Reproduce exactly, and only, the lines below from the one containing "(Vicente López, 28.Ene.2021 /" through the one containing "Personal check, 6".

The records
◇ ◇ ◇ ◇ ◇
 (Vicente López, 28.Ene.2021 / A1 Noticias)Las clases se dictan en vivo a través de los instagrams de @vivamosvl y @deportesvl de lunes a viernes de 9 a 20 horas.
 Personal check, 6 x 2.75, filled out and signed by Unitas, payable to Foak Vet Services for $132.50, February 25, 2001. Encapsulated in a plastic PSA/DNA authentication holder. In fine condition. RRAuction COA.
◇ ◇ ◇ ◇ ◇
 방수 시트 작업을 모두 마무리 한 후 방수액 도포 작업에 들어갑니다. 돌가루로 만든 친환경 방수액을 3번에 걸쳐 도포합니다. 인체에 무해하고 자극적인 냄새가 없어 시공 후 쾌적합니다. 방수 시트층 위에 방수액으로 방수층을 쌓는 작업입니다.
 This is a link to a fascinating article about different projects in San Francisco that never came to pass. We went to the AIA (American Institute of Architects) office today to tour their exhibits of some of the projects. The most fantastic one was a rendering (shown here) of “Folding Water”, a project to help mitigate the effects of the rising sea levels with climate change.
◇ ◇ ◇ ◇ ◇
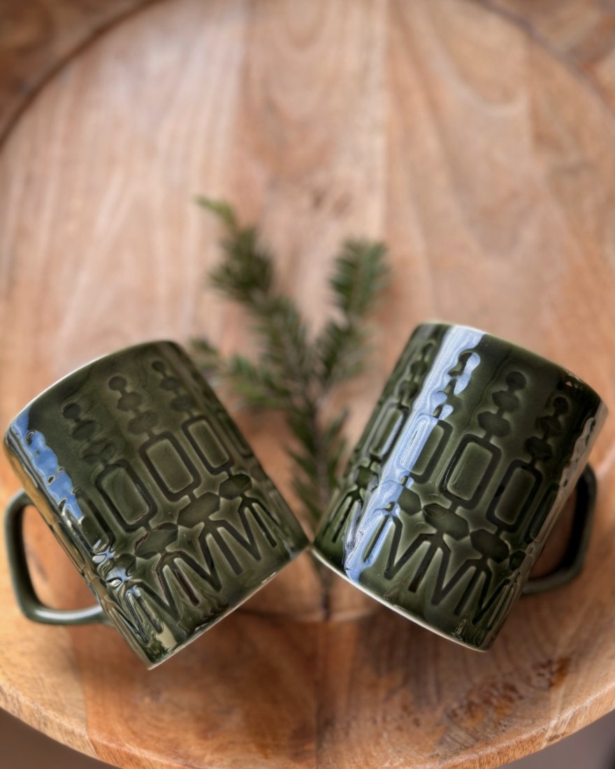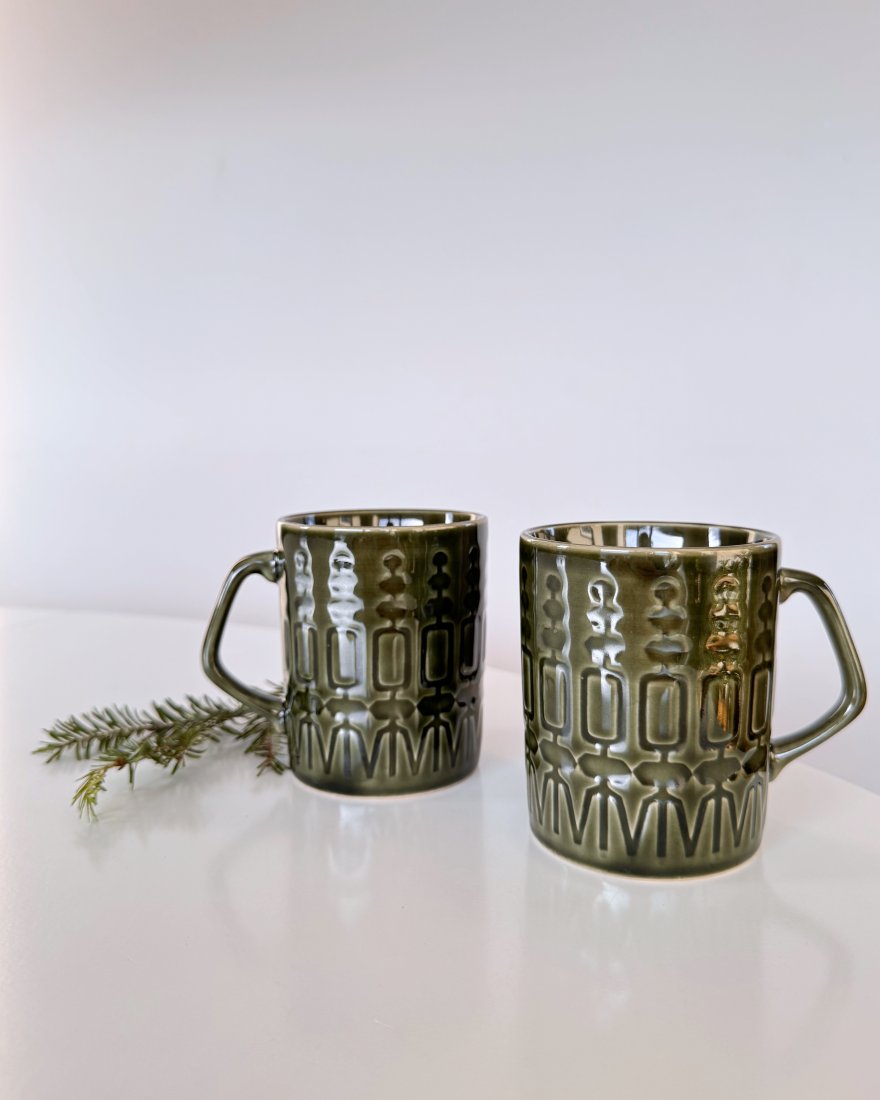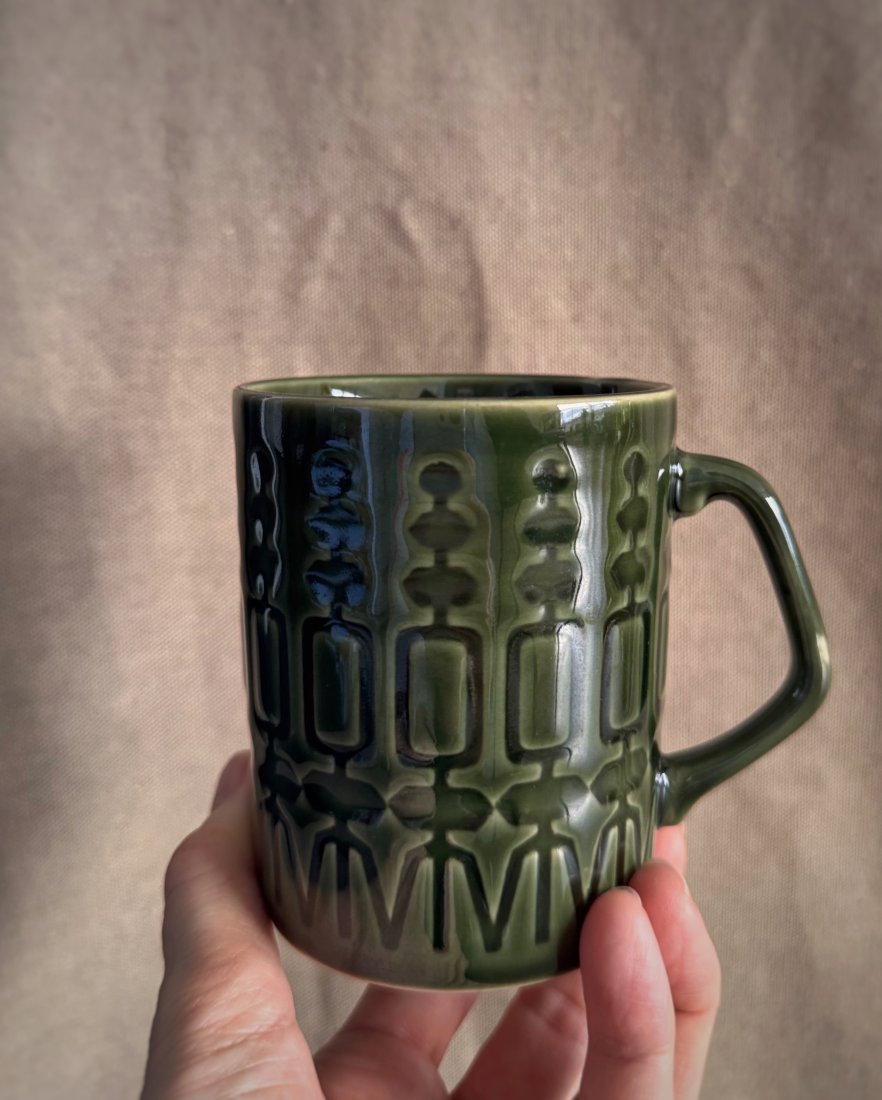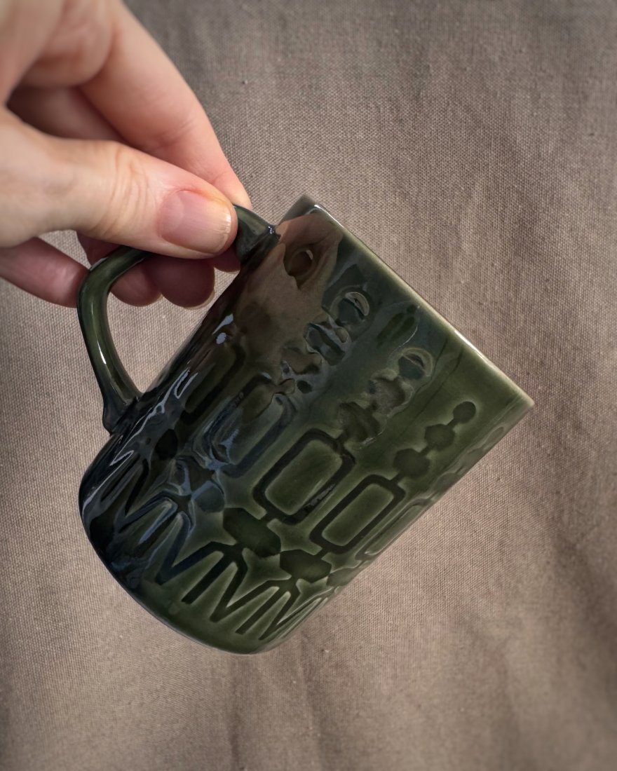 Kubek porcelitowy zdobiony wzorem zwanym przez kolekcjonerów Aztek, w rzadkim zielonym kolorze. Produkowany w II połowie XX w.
◇ ◇ ◇ ◇ ◇
Answer to this task
 (Vicente López, 28.Ene.2021 / A1 Noticias)Las clases se dictan en vivo a través de los instagrams de @vivamosvl y @deportesvl de lunes a viernes de 9 a 20 horas.
 Personal check, 6 x 2.75, filled out and signed by Unitas, payable to Foak Vet Services for $132.50, February 25, 2001. Encapsulated in a plastic PSA/DNA authentication holder. In fine condition. RRAuction COA.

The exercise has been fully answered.